A MECHANICAL problem which has struck the dedicated NZ coastal cement carrier Aotearoa Chief has led Fletcher Building to warn the NZ Stock Exchange the possible cost of disruption to its Golden Bay Cement business could range from NZ$10 million-30 million.
The 8024 DWT, 120-metre Aotearoa Chief, owned by the Swire Group’s China Navigation Co, was purpose-built in Nanjing, China in 2016 for long-term charter to make around 80 voyages per year delivering cement from Golden Bay’s Portland manufacturing facility around the North Island.
“Due to a mechanical issue, the vessel is currently docked at Northport while inspections and repairs are made by the owner. The timeframe required to make the necessary repairs, and source replacement parts, is not known at this time,” Fletcher told the NZSX this morning [29 July].
“Our key priority is maintaining the supply chain and this is being actively worked through in order to minimise any potential disruption to North Island customers while the vessel is being repaired. Golden Bay has made significant investments over the past several years which puts the company in a position to offer contingencies in the event of disruption to its distribution network.
“Golden Bay is engaging with its customers and has enacted its contingency plans, which include the immediate use of alternative transport options to distribute cement. These options include the use of its existing coastal barge and the greater use of road and rail options.”
Fletcher Building said it is also investigating longer term solutions, which include potentially sourcing the use of alternative cement supplies from domestic and offshore suppliers along with securing the use of a replacement ship if required.

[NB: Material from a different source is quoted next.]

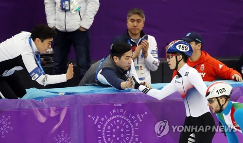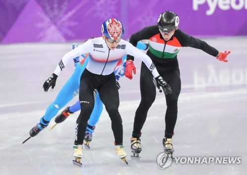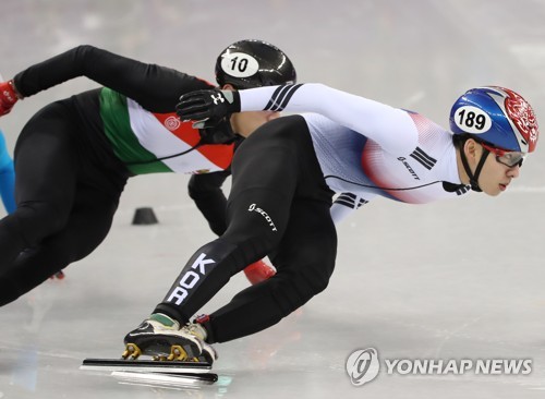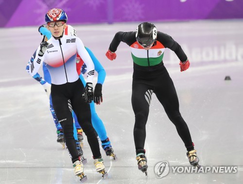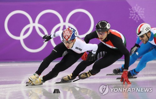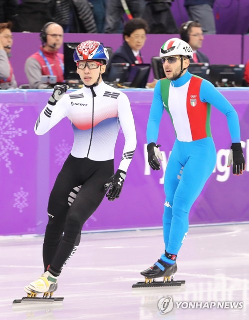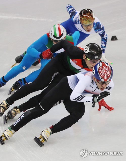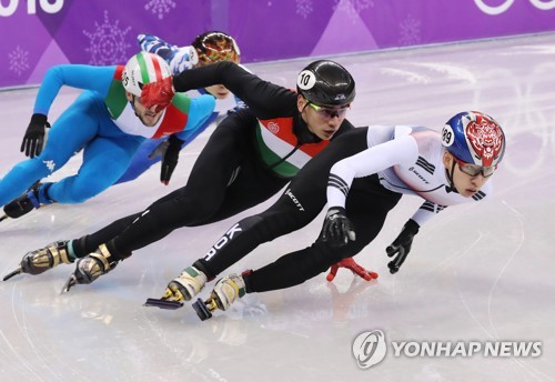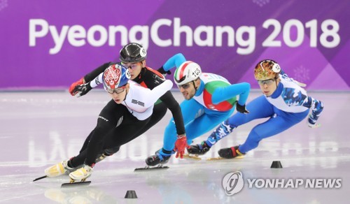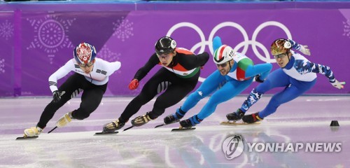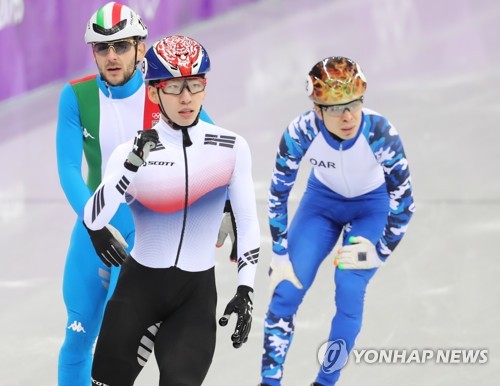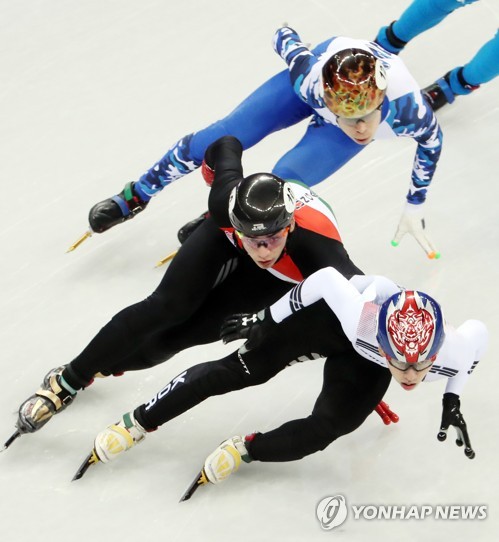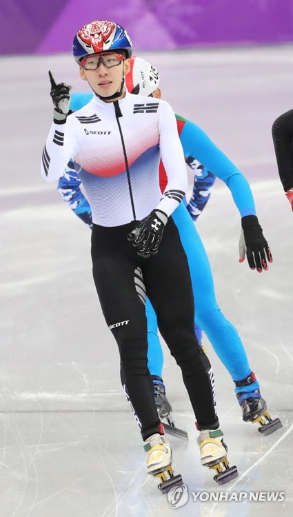 (강릉=연합뉴스) 김인철 기자 = 17일 강원 강릉 아이스아레나에서 열린 2018평창동계올림픽 쇼트트랙 남자 1,000m 준결승에서 한국의 임효준이 조1위로 결승선을 통과하고 있다. 2018.2.17
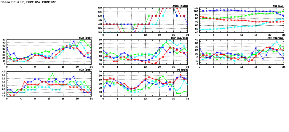 | Air Quality Data Time Series in Sham Shui Po (2021/11/27) | ( Line colors: Day -3 Day -2 Day -1 Current day ) | 2D Map Current AQHI |

“Fletcher Building’s preliminary assessment is that it expects the impact on FY25 earnings due to the disruption to be in the range of NZ$10 million to $30 million, driven by the anticipated increased costs of supply from the range of mitigating actions expected to be adopted by it.
“However, the actual impact will depend on a number of variables that are not yet known, including the duration of the issue, the mitigation actions available, the third-party costs associated with those mitigating actions and the impact on operations,” the company said.
The breakdown comes at an awkward time for Swire Shipping, which is this week expected to announce it is withdrawing on of the two Pacifica Shipping’s NZ coastal containerships due to unsustainable costs.